Since 2008, the People's Republic of China (PRC) has moved forward with a series of large aid and investment deals, indicating that the PRC is raising its stake in Latin America to a new level [1].

The impact of China's expanding commitment in Latin America extends far beyond the PRC's immediate goals of securing access to Latin American markets and reliable sources of primary products at favorable prices. The implications of this trend can be

  

understood in terms of four overlapping effects:
  • The interaction is transforming the physical, economic, educational and social structure of the region.
  • It is enabling the survival and spread of regimes oriented against the United States, Western-style democracy and economic models.
  • It is enabling the emergence of Brazil as a regional powerbroker.
  • It is undermining the United States as a source of political and economic influence in the region, as well as US options for regional engagement.

    While China is transforming Latin America through such effects, this does not imply that they are the result of deliberate, primary objectives of Chinese foreign policy towards the region.

    The mechanism by which Latin America's expanding relationship with the PRC is transforming the region has as much to do with expectations by Latin American investors of future business with China. Inspired by expectations of selling to, or importing from China, Latin Americans are investing to improve their infrastructure, including the expansion and modernization of Pacific ports such as Ensenada in Mexico, Buenaventura in Colombia, Manta in Ecuador, Peru's Callao and Chile's Iquique, among others.

    The desire to facilitate commerce with China has also breathed new life into contemplated but long unfunded infrastructure projects to connect the continent to its Pacific coast, including the Manta-Manaus (Brazil) corridor, inter-oceanic corridors to Paita and Ilo in Peru, and the bi-oceanic corridor connecting Sao Paolo in southern Brazil with the port of Iquique.

    Beyond physical infrastructure, the belief held by students in the region that China is the wave of the future has driven the establishment of China-oriented programs throughout Latin American universities, as well as a wealth of offerings for learning Mandarin, from private institutes to university language programs, including the establishment of 18 officially sanctioned Confucius Institutes in the region.

    Chinese engagement is also shaping the politics of the region. One such impact is the contribution of Chinese aid and investment in the survival of the "caudillo [political-military leader] socialist block" (Venezuela, Ecuador and Bolivia). The PRC has been extremely cautious to avoid associating itself with the anti-US proclamations of leaders such as President Hugo Chavez in Venezuela. Nonetheless, the PRC benefits from the policies of these regimes insofar as their disruption of relationships with Western companies, and the personalistic character of their regimes creates opportunities for Chinese companies to gain access to their resources and deepen penetration of their markets.

    The principal example of how China has enabled "caudillo socialism" in the region is its relationship with the Chavez regime in Venezuela.
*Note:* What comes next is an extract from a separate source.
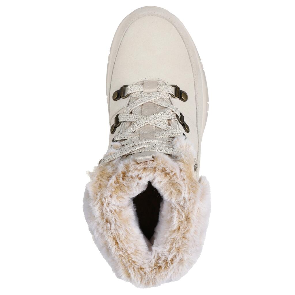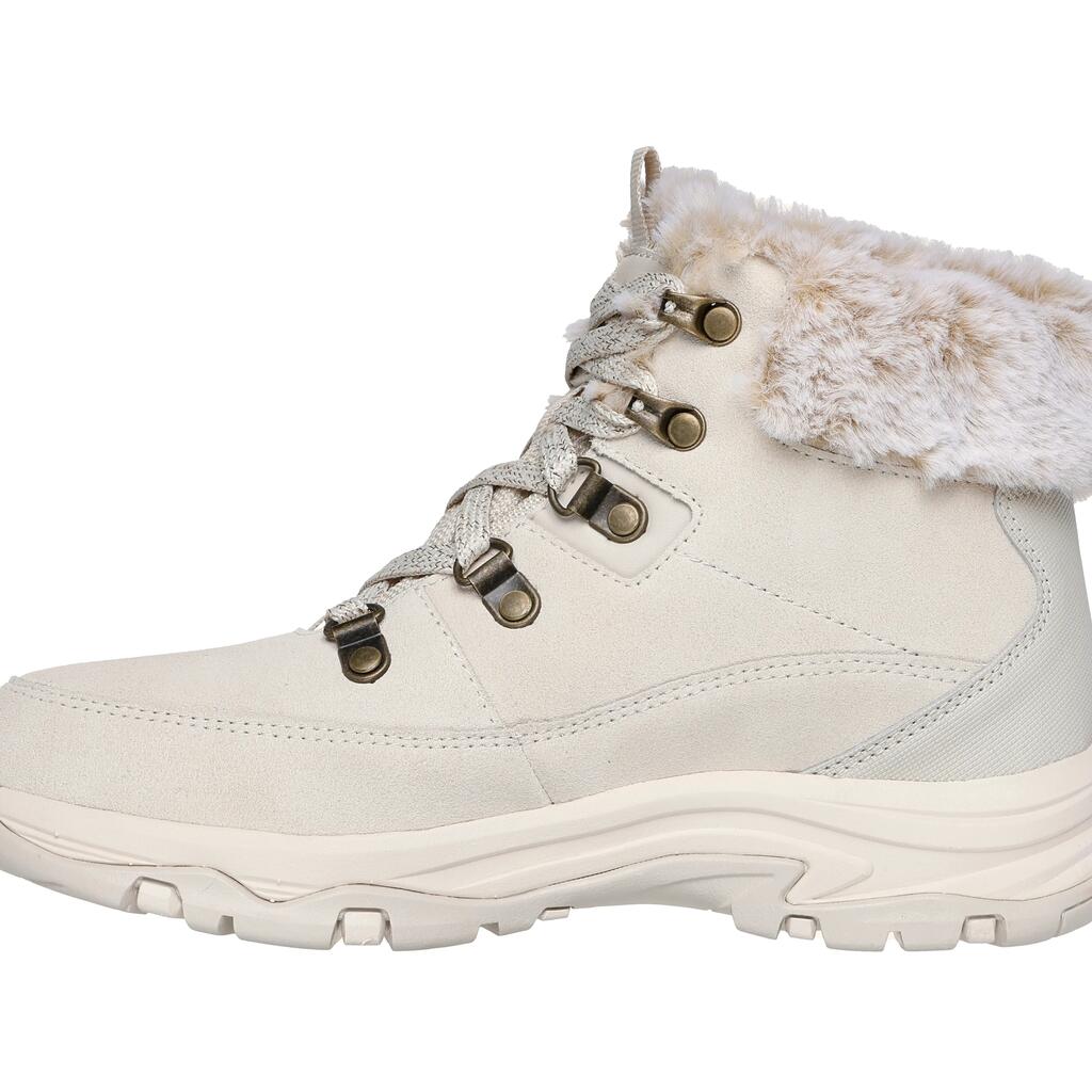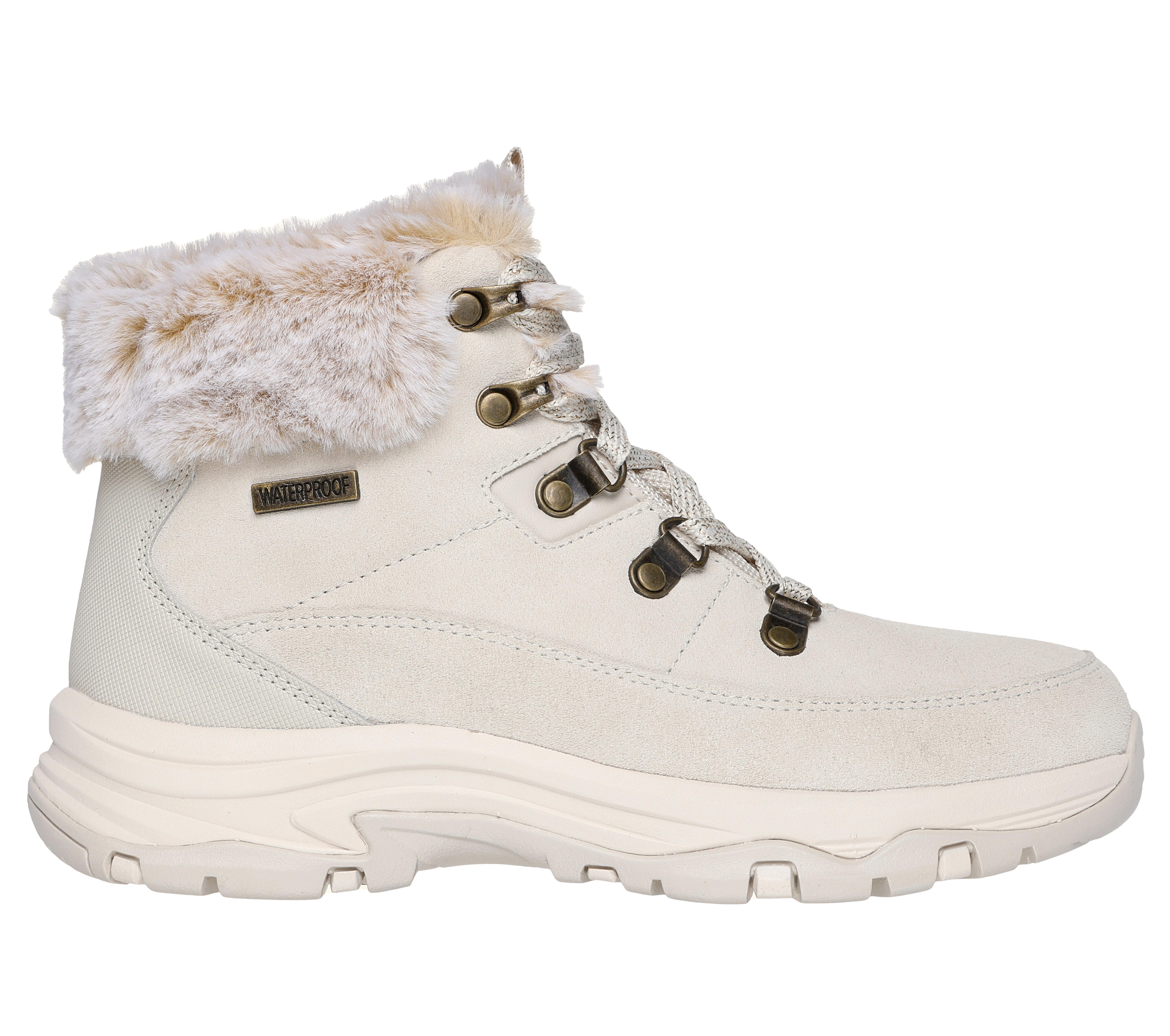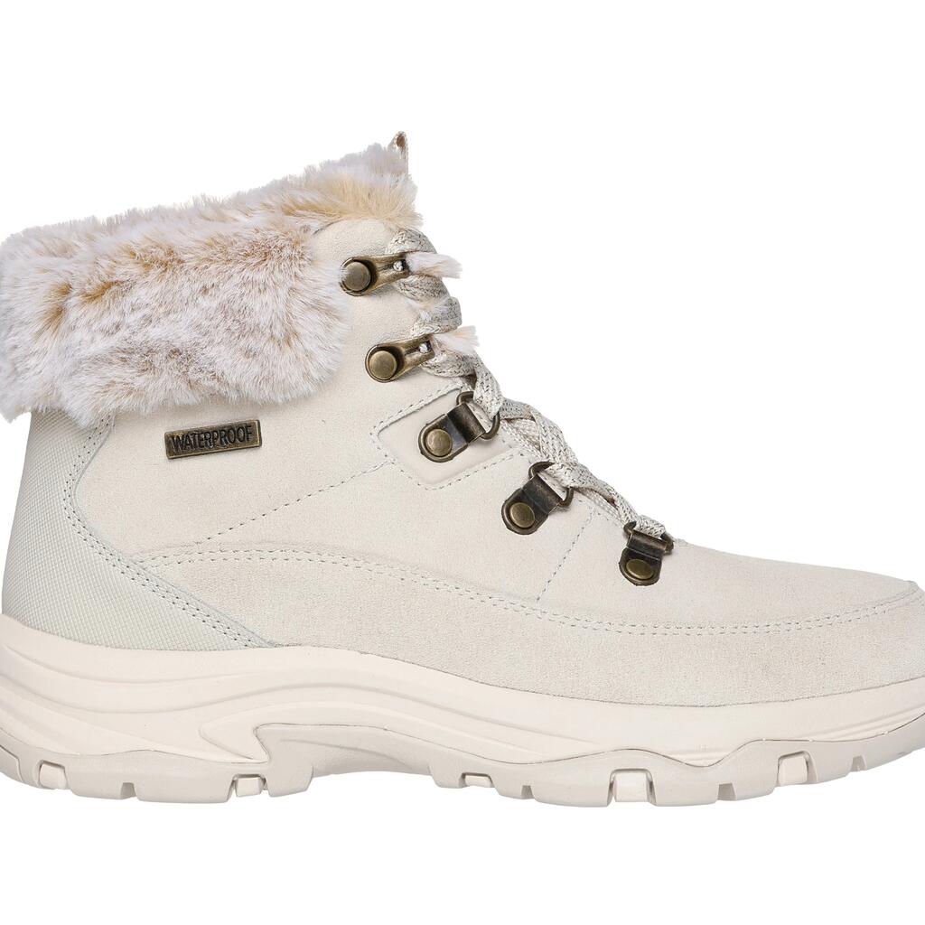 The SKECHERS TREGO SNOW WORRIES boots: Memory Foam insole and a waterproof design. Faux-fur lining keeps feet warm, and the slip-resistant sole provides secure traction.

As Chavez has consolidated control of the petroleum industry and other sectors of the Venezuelan economy, China has played an increasingly important role in buying Venezuelan oil, working the oilfields and loaning money to the Chavez regime.

    Over the past two years, China Development Bank has loaned US$8 billion to Venezuela, to be repaid in future oil deliveries, and is currently negotiating an additional loan of up to $4 billion. Although initially intended for Venezuelan infrastructure projects, these funds arguably helped the Chavez regime to meet its internal and external commitments when oil prices fell from $140 per barrel to less than $40. China National Petroleum Company (CNPC) has expanded its Venezuelan oil operations while Western companies pulled out, and in September 2009 announced its intention to invest an additional $16 billion.

    In Ecuador, like Venezuela, China has helped to maintain the solvency of that country's anti-US regime, issuing a $1 billion loan, which helped the government of Rafael Correa to manage a liquidity crisis associated with the repayment of foreign debt obligations, as well as a $2 billion 1.5 gigawatt hydroelectric plant, 90% self-financed by the Chinese company that performs the work.

    The Chinese consortium Andes Petroleum is a key investor in Ecuador's oil sector, and has become increasingly important as other companies have pulled out in response to the Rafael Correa administration's move to force them to re-negotiate the terms of their concessions. Even in Bolivia, where the Chinese have proceeded cautiously, the state petroleum company YPFB is pursuing a strategic partnership with CNPC for the investment and technical expertise that it requires to maintain Bolivian gas production.

    In addition to contributions as a resource provider and customer, China is also playing an expanding role as an alternative provider of technology and military goods. China has helped Venezuela to create a factory to assemble drilling rigs to develop its oil, as well as other joint ventures for producing cars and cell phones. The PRC also launched a telecommunications satellite for Venezuela in 2008, and has become an important telecom infrastructure provider. In addition, the PRC sells the country increasingly sophisticated military end items, including air surveillance radars and military aircraft [2].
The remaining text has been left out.